▶

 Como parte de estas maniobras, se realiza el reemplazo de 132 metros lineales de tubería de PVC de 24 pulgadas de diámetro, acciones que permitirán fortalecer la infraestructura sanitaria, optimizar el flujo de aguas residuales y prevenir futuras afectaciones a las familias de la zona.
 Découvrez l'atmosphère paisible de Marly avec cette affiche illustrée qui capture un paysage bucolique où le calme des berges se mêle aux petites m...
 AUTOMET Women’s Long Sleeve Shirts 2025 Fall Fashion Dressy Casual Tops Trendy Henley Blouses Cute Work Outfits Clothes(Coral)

◀
▶

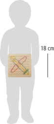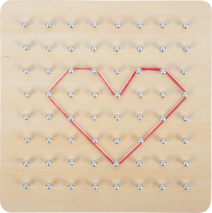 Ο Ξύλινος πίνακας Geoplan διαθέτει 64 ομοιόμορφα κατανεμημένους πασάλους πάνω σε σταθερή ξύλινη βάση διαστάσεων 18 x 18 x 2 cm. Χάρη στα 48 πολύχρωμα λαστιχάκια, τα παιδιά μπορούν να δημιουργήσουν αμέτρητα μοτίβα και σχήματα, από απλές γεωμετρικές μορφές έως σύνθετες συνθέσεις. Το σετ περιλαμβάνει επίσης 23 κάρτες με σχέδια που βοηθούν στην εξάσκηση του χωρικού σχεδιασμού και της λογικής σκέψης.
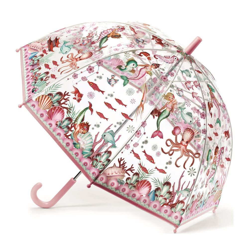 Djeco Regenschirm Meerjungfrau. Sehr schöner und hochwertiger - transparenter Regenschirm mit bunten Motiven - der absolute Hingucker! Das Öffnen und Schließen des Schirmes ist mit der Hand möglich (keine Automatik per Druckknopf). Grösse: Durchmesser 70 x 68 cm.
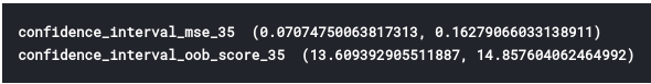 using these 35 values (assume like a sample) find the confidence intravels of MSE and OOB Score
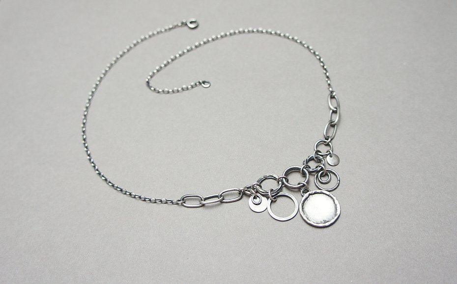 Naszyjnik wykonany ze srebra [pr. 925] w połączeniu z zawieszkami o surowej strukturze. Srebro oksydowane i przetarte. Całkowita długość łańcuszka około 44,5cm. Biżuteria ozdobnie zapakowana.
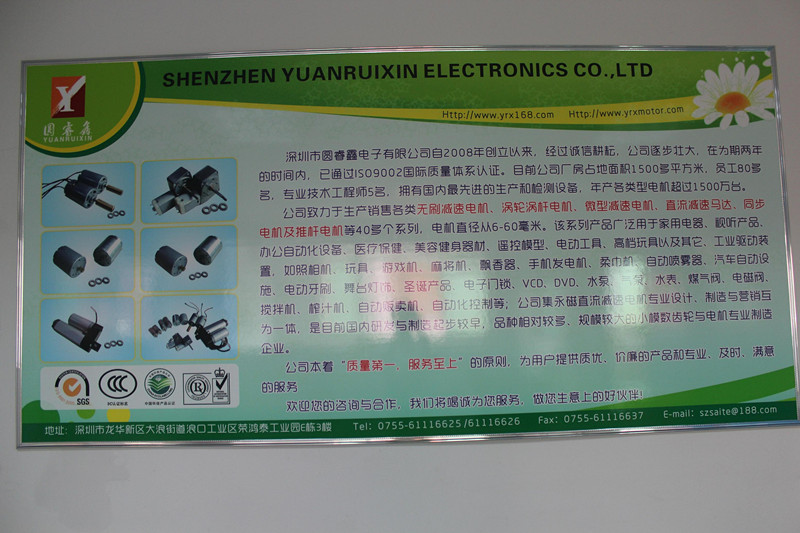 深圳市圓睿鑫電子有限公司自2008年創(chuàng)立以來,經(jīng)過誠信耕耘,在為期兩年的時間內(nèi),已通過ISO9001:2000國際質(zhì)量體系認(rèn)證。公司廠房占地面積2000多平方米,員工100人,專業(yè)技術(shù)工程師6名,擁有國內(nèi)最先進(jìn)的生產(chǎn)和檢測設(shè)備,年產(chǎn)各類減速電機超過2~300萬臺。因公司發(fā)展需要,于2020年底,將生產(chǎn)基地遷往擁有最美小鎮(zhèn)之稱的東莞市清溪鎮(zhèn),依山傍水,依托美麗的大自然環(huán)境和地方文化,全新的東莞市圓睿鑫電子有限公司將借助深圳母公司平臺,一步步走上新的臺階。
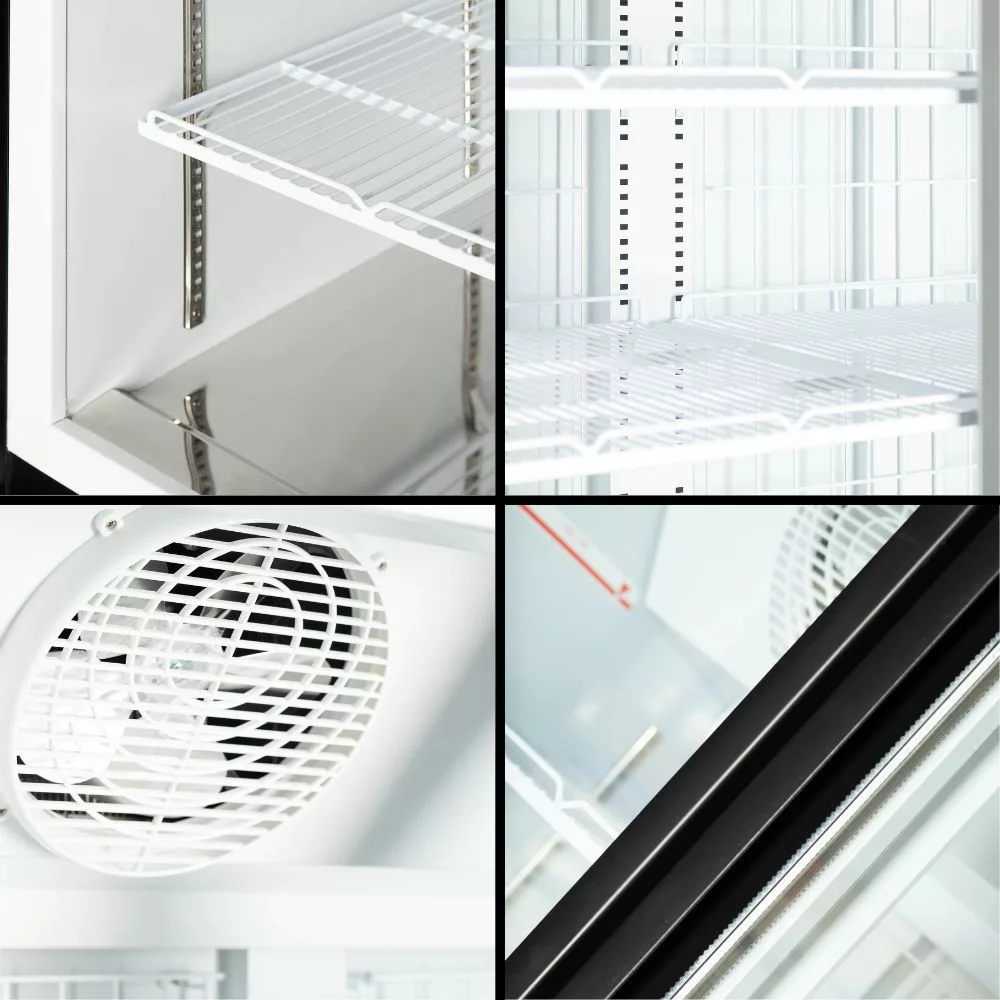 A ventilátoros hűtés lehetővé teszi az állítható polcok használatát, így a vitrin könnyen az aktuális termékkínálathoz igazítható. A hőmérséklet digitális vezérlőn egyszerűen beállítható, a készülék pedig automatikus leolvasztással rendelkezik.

◀
▶

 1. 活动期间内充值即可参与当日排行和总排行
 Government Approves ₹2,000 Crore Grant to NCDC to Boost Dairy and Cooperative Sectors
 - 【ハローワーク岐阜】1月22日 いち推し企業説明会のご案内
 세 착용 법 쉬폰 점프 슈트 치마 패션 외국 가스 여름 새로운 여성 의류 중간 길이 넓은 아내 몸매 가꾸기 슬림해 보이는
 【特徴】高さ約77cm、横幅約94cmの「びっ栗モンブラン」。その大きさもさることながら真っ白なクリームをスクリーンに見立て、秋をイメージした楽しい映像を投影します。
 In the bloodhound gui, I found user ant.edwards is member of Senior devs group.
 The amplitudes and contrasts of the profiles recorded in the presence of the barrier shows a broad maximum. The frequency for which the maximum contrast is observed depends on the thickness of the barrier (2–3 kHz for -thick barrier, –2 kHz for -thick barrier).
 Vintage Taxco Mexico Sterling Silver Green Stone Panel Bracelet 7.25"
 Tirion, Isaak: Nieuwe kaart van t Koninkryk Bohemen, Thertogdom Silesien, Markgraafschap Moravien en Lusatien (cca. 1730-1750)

◀

• [WORK REQUIRED]: Copy range, inclusive: the line holding "세 착용 법 쉬폰 점프" to the line holding "Vintage Taxco Mexico". Reproduce exactly those lines of the records above and no others.

• [THE COMPLETED TASK]:
 세 착용 법 쉬폰 점프 슈트 치마 패션 외국 가스 여름 새로운 여성 의류 중간 길이 넓은 아내 몸매 가꾸기 슬림해 보이는
 【特徴】高さ約77cm、横幅約94cmの「びっ栗モンブラン」。その大きさもさることながら真っ白なクリームをスクリーンに見立て、秋をイメージした楽しい映像を投影します。
 In the bloodhound gui, I found user ant.edwards is member of Senior devs group.
 The amplitudes and contrasts of the profiles recorded in the presence of the barrier shows a broad maximum. The frequency for which the maximum contrast is observed depends on the thickness of the barrier (2–3 kHz for -thick barrier, –2 kHz for -thick barrier).
 Vintage Taxco Mexico Sterling Silver Green Stone Panel Bracelet 7.25"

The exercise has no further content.